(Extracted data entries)
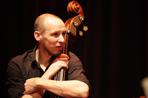 Bassist Sven Happel (Vinnie Vibes). Rogier Telderman Trio met bassist Guus Bakker en drummer Tuur Moens.
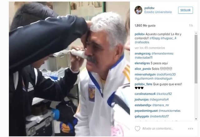 29/12/15.-El técnico de los Tigres, Ricardo Ferretti, cumplió con su apuesta de quitarse el bigote si eran campeones del futbol mexicano. Hugo Ayala, defensa central de los universitarios, fue el en
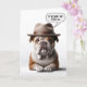 Ein Bulldogge sitzt ruhig und trägt eine stilvolle Fedora, die auf weißem Hintergrund zum 65. Geburtstag abgeschieden ist. Alle Texte können geändert werden und das Alter.
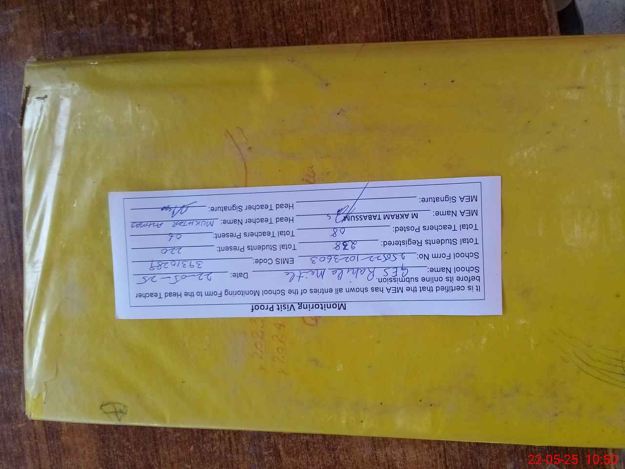 | Attendance Register | Head Teacher | MEA with School | Visit Proof |
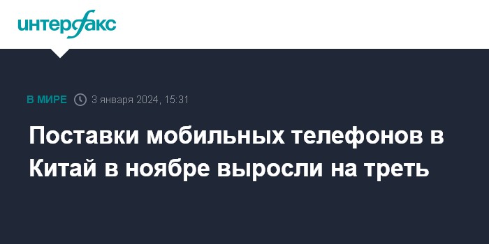 Москва. 3 января. INTERFAX.RU - Поставки мобильных телефонов в КНР в ноябре увеличились на 34,3% относительно того же месяца годом ранее и составили 31,21 млн штук. Об этом сообщила Академия информационных и коммуникационных технологий (CAICT) при министерстве промышленности и информатизации страны.
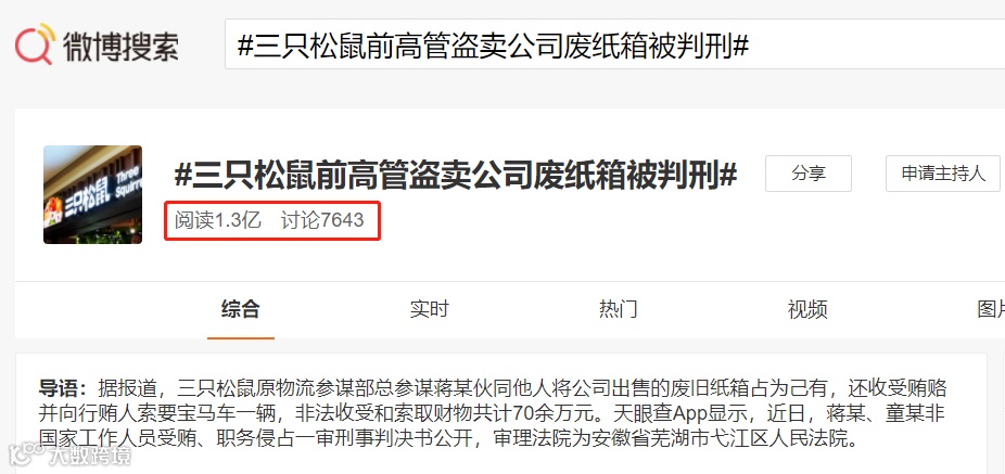 最近,零食第一股三只松鼠登上微博热搜,不为产品,而是因前高管盗卖公司废纸箱被判刑。
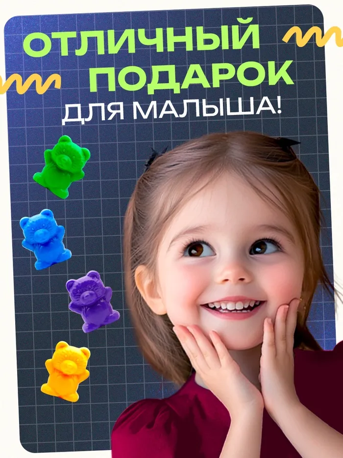 Попросите кроху посчитать количество мишек каждого цвета и разложить их по соответствующим формочкам.
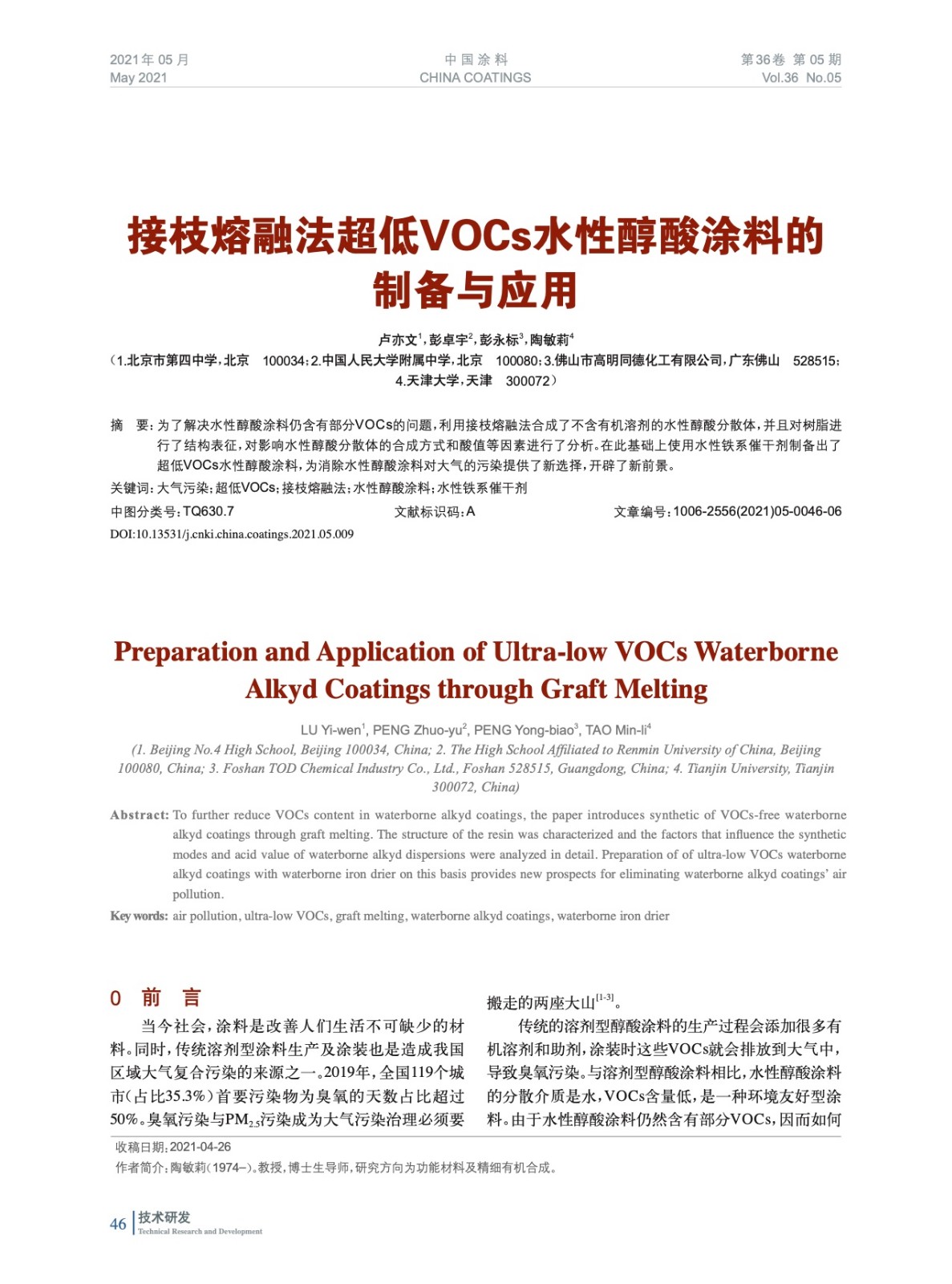 發(fā)表于2021-07-13 17:08:59| 次閱讀| 來源中國涂料| 作者盧亦文,彭卓宇,彭永標(biāo),陶敏莉
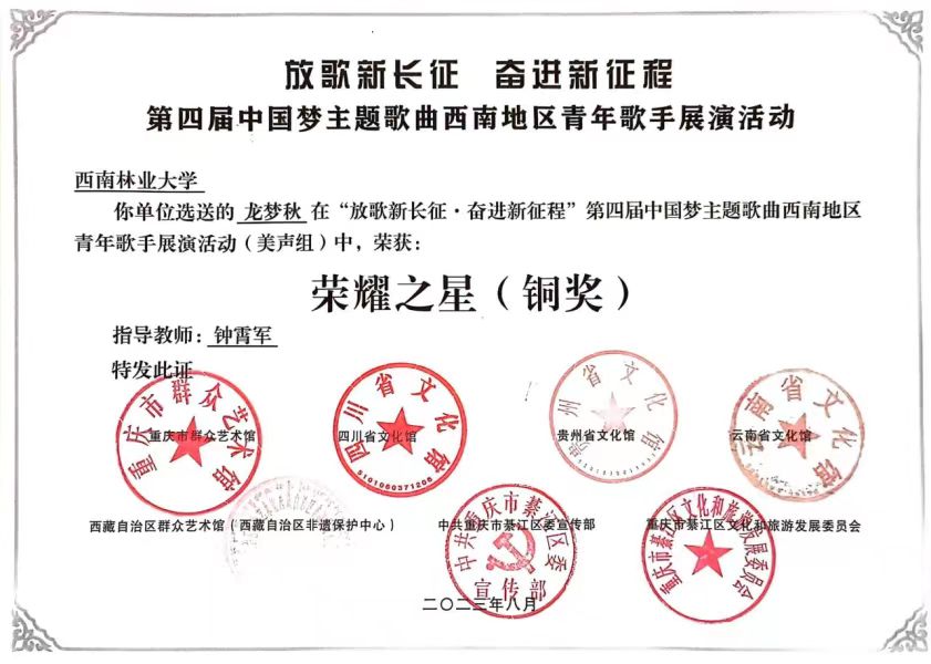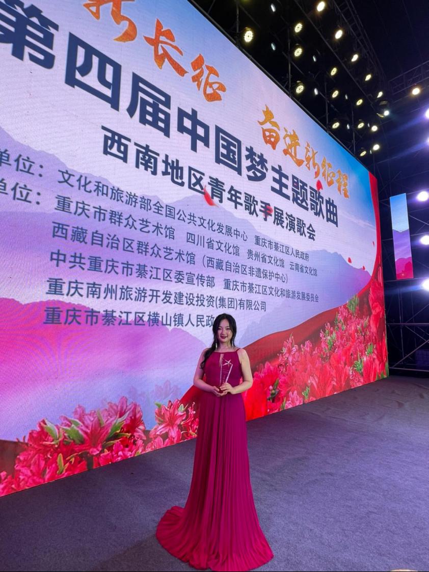 近日,必威西汉姆官网平台教师龙梦秋受云南省文化馆邀请,代表云南省赴重庆市参加“放歌新长征·奋进新征程”第四届中国梦主题 歌曲西南地区青年歌手展演活动,荣获“荣耀之星”铜奖。
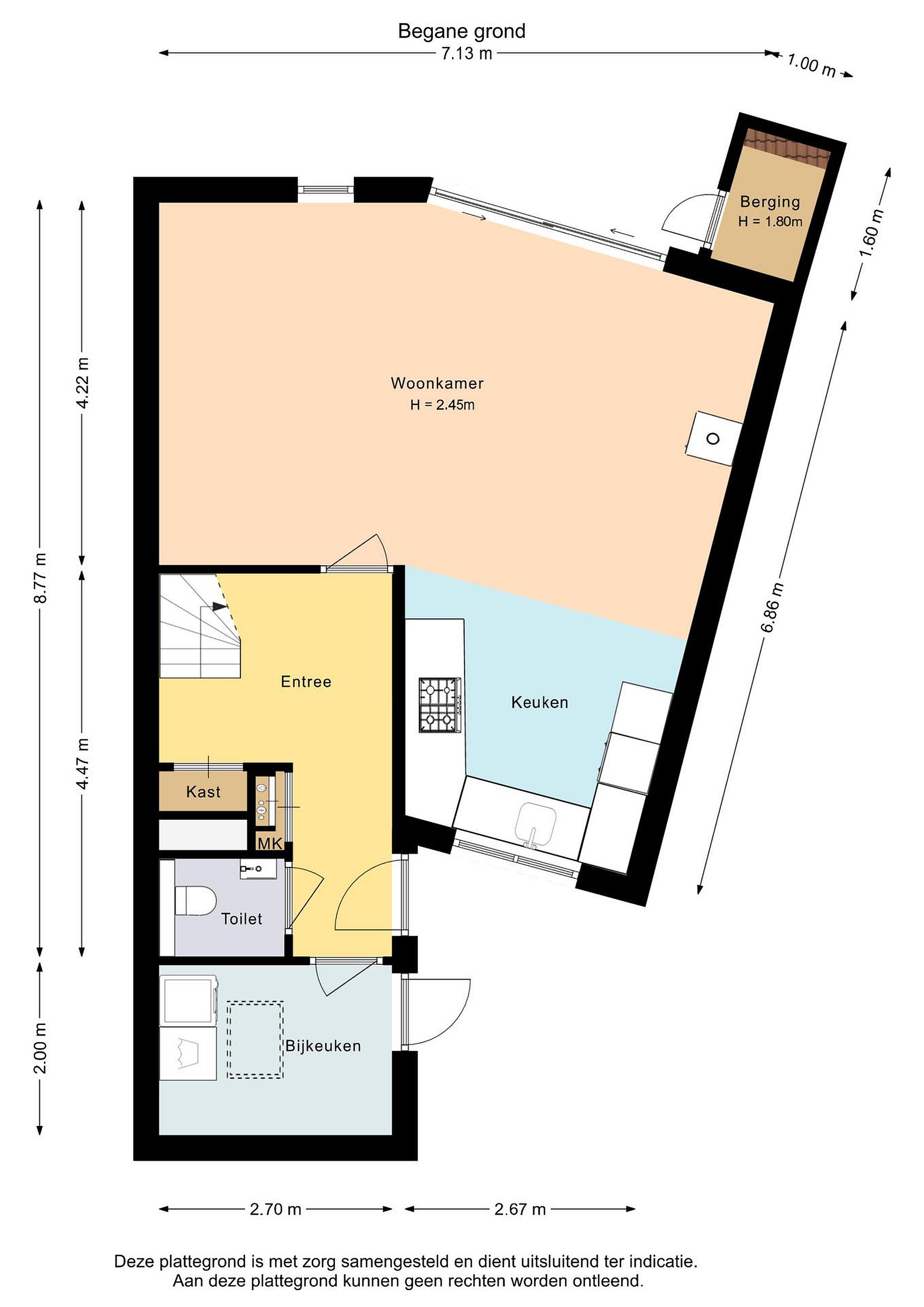 Begane grond entree/hal, bijkeuken met witgoedaansluiting, toilet, meterkast, bergkast, trapopgang, woonkamer met schuifpui naar de tuin en gashaard, moderne keuken in landelijke stijl met diverse inbouwapparatuur zoals: oven, magnetron, koelkast, 5-pits gasfornuis met afzuigkap en een vaatwasser.
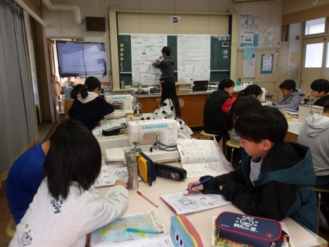 6年生に向けて復習しています。今日はミシンの各部分の名称や使い方などを,改めて確認していました。
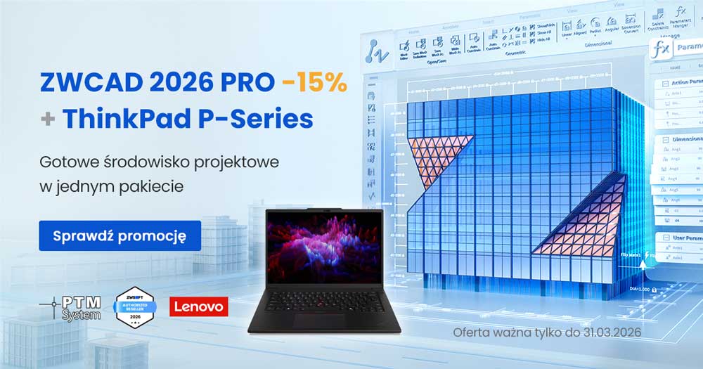 W PTM System dostępna jest nowa promocja na ZWCAD 2026 PRO w zestawie z mobilną stacją roboczą Lenovo ThinkPad. To gotowe środowisko pracy dla projektantów i inżynierów, którzy oczekują wydajności, stabilności oraz pełnej kontroli nad kosztami oprogramowania.
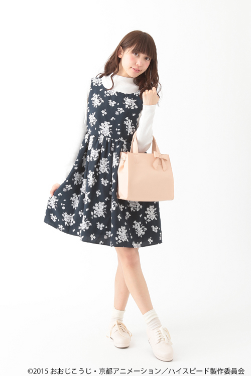 一目惚れしてしまいそうな美しいライトブルーとグレーのグラデーションのニンッとワンピースは主人公の遥をイメージ。ポケット生地はイルカが泳ぎ回るドット柄で、ベルト付きだから丈の調節も自由自在。ガーリーにもカジュアルにも着こなせて爽やかな遥をいつでも側に感じられる。
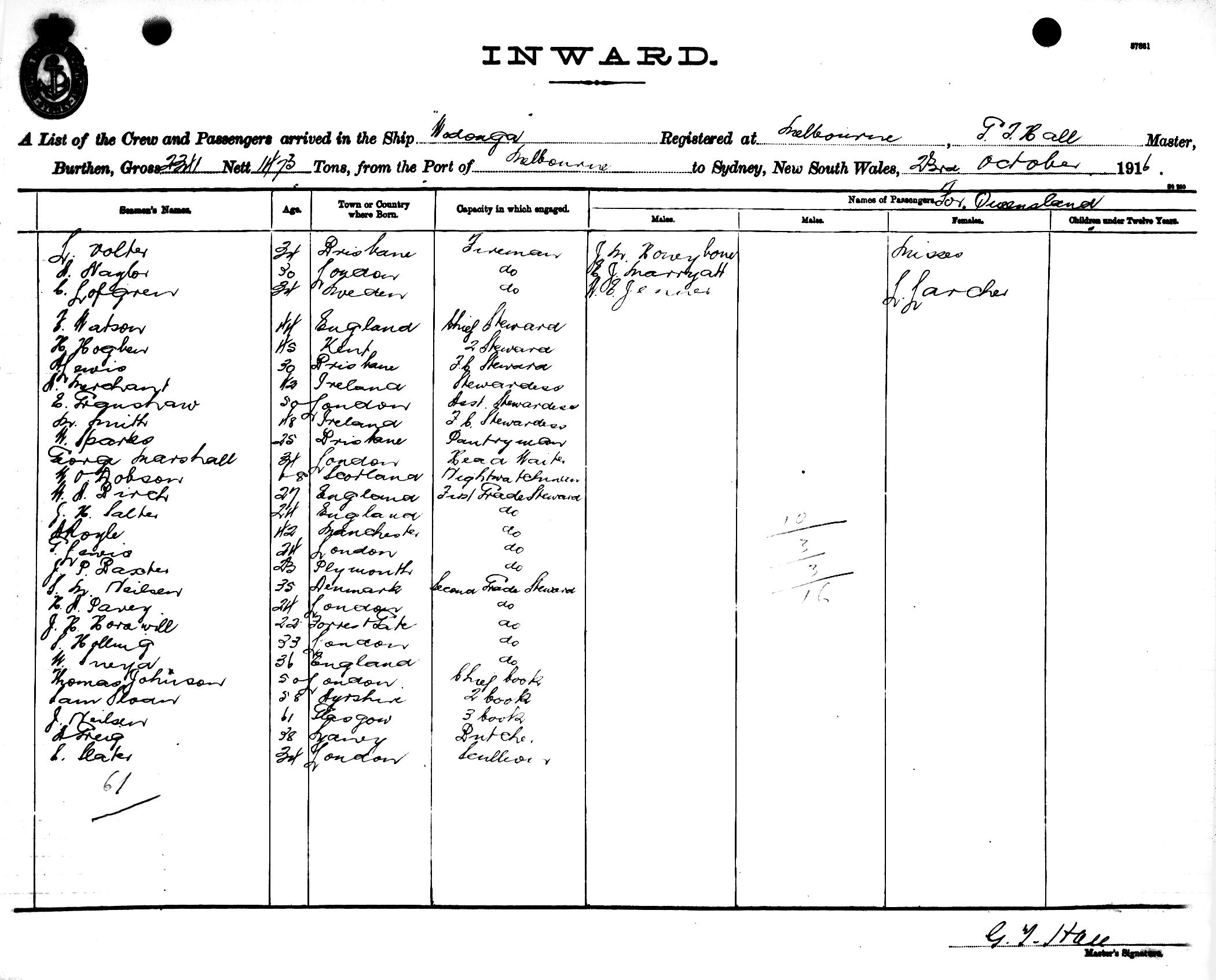 WODONGAOF MELBOURNE, G. T. HALL, MASTER, BURTHEN 2341/1473 TONS FROM THE PORT OF MELBOURNE TO SYDNEY, NEW SOUTH WALES, 23RD OCTOBER 1916 |

* _DIRECTIONS FOR THIS TASK_
Each line from the beginning of the entries up to and including the one containing "29/12/15.-El técnico de" must be restated exactly. Pictures are to be left out.

* _SOLUTION_
 Bassist Sven Happel (Vinnie Vibes). Rogier Telderman Trio met bassist Guus Bakker en drummer Tuur Moens.
 29/12/15.-El técnico de los Tigres, Ricardo Ferretti, cumplió con su apuesta de quitarse el bigote si eran campeones del futbol mexicano. Hugo Ayala, defensa central de los universitarios, fue el en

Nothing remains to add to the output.